As she approached her 98th birthday, Virginia Eidson was more concerned about her next life than her present one. It weighed on her that she had never been baptized.
Born into a Cherokee, Choctaw, and Irish family in Oklahoma, her family was nominally Baptist but often too busy working to get to church. When she was about 13 and the Dust Bowl had destroyed their farmland, her stepfather packed their mother and nine children into the car and headed to California.

“The others were all baptized, but not me. Somehow it never worked out,” she said.
That changed at the Easter Vigil in Oxnard’s Santa Clara Church, where Virginia Eidson was by far the eldest of those who became Catholic this year.
Her 77-year-old son, Bruce, sponsored her.
For the pastor, Father John Love, it was a reminder of the spiritual vitality of elders. “Elderly people can convert and come to the living waters,” he said.
Although Bruce Eidson is a longtime active member of the parish, Love had never heard the family history until Virginia Eidson asked for baptism.
In 1838, the U.S. government used military force to remove five great tribes from their land in the southeast so white settlers could take their land. Indigenous people of all ages were sent on a forced march to Oklahoma, with thousands dying along the way. Eidson’s Choctaw and Irish grandparents brought their newborn son, her father. She never heard the stories directly from him because he died when she was a toddler.
Her mother was Cherokee. The family farmed large tracts of land in Pittsburg County, Oklahoma, that her grandfather had obtained for his seven daughters and one son. But in the 1930s, in the middle of the Great Depression, severe drought turned the winds of the plains into apocalyptic dust storms that destroyed fields.
Farming became impossible. Her mother had remarried and her stepfather worked for the Works Progress Administration (WPA), a “New Deal” program that President Franklin D. Roosevelt created to put unemployed people to work. Her stepfather was building roads for the WPA when her uncle came back from California saying that good jobs were plentiful there. When Eidson was about 12 the family of 11 crammed into a car and drove to Pixley, Tulare County, to look for work.
When her stepfather went into the office, the men took a look at the car and told him they would only hire him if his children also worked the fields.

“My stepfather said, ‘No, my kids are not going to work,’ ” she said.

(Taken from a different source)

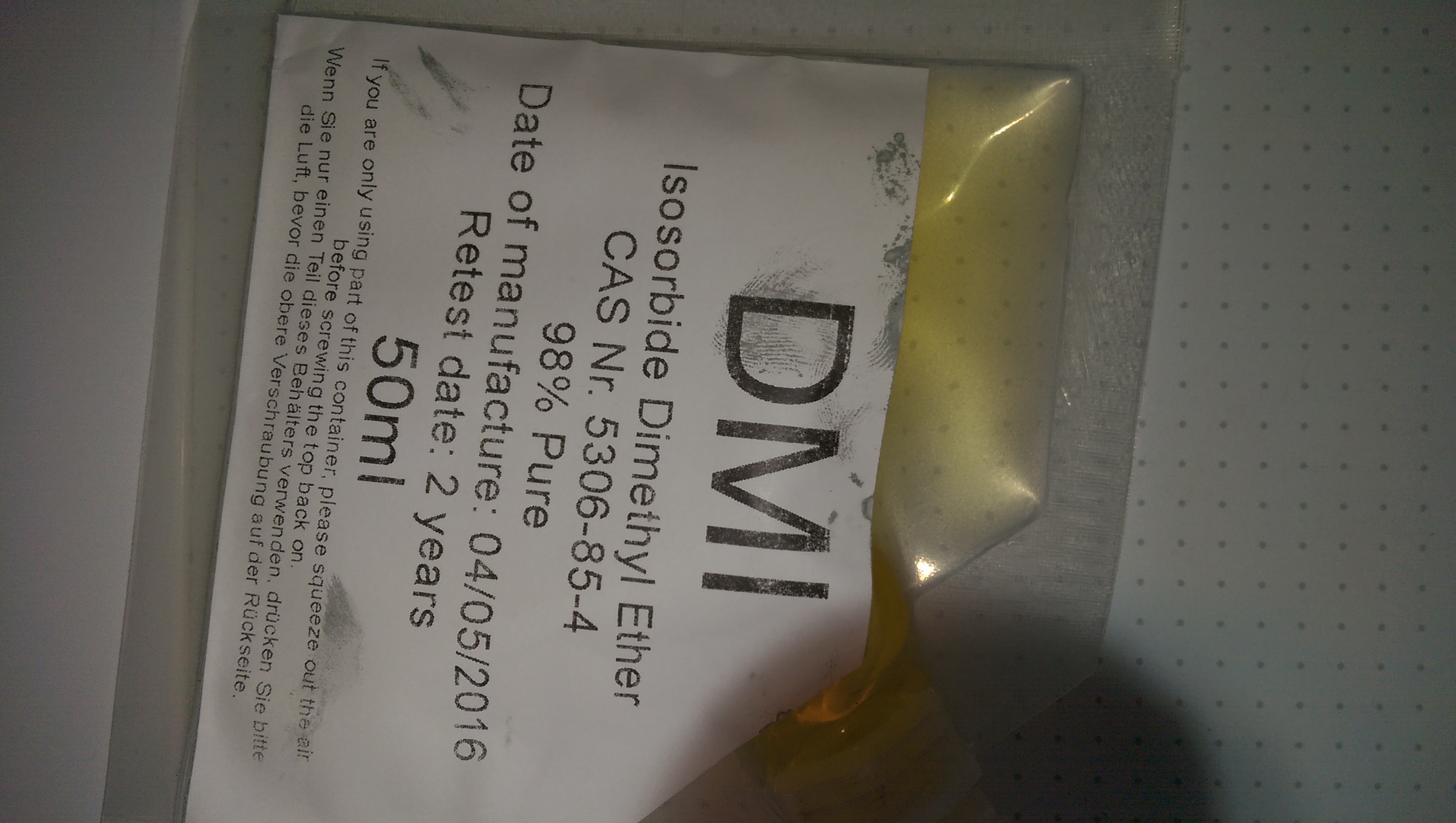 Hab jetzt auch das DMI von ebay erhalten (siehe Anhang) und bei mir bleibt die Lösung mit 5ml Weingeist, 2 ml DMI, 2,5ml PG und 25mg Seti auch noch am nächsten Tag glasklar(siehe Anhang).

He left and drove on, eventually landing a job in the oil fields at Bakersfield. She grew up there, marrying Edward Eidson, a Kern County sheriff’s deputy.
Choctaw and Cherokee traditions are important to her and she subscribed to tribal magazines. She sometimes traveled back to Oklahoma. Bruce Eidson met her maternal grandmother, then a very elderly woman in a rocking chair, when he was small.
“She had all these stories about the wagon trains that kept coming through and hunting on their land,” he said. “She gave me a completely different outlook. I used to see cowboy and Indian movies. Now I saw that there was a completely opposite perspective about the white settlers.”

Edward and Virginia retired to Cayucos, on the central coast, where he died in 2010. In 2019 she moved into a house that their son found for her just down the street from his in Oxnard. She oversees a garden and feeds the birds and squirrels daily.
“I still live here and I love it,” she said.
Bruce Eidson had married a Catholic and later came into the Church through what is now OCIA. He embraced Catholicism wholeheartedly, becoming active in the Knights of Columbus. His mother went to church with the family, accompanied him to Knights events, as well as to parish activities for seniors.
He and his wife had discussed asking her about becoming Catholic.
“I said that I didn’t want to push her into doing something. She’s old enough to make her own decisions,” he said.
But his mother was thinking hard about her lack of baptism. She asked a relative who was a Baptist minister if he could baptize her. He declined because he was changing denominations. She loved going to Santa Clara Church with her family and admired their faith.
“I went to bed one night and thought, ‘What am I going to do about my religion?’ ” she said. “And I got up the next morning and said, ‘I’m going to become Catholic.’ ”
As soon as she told her son, he spoke with Love about what would be required. The priest’s first reaction was, “He said, ‘I see her at church all the time. What do you mean she’s not Catholic?’ ” Bruce Eidson said.

Rather than ask a 97-year-old woman to go through a year of preparation, Love decided to have a simple discussion with her. He was satisfied that she understood the basics of the faith, loved the Catholic Church, and wanted to be part of it.
It was only at that point, Love said, that he learned the family’s background. He knew just enough of Native American history to understand the terrible suffering her father and grandparents endured on the Trail of Tears. He also knew the courage it took to set out for California.
“It’s very biblical in terms of this wonderful elderly lady making this exodus,” he said.
Her baptism left her mind and soul at ease.
“I felt good with everything,” she said. “I came away feeling like I had done the right thing in my heart.”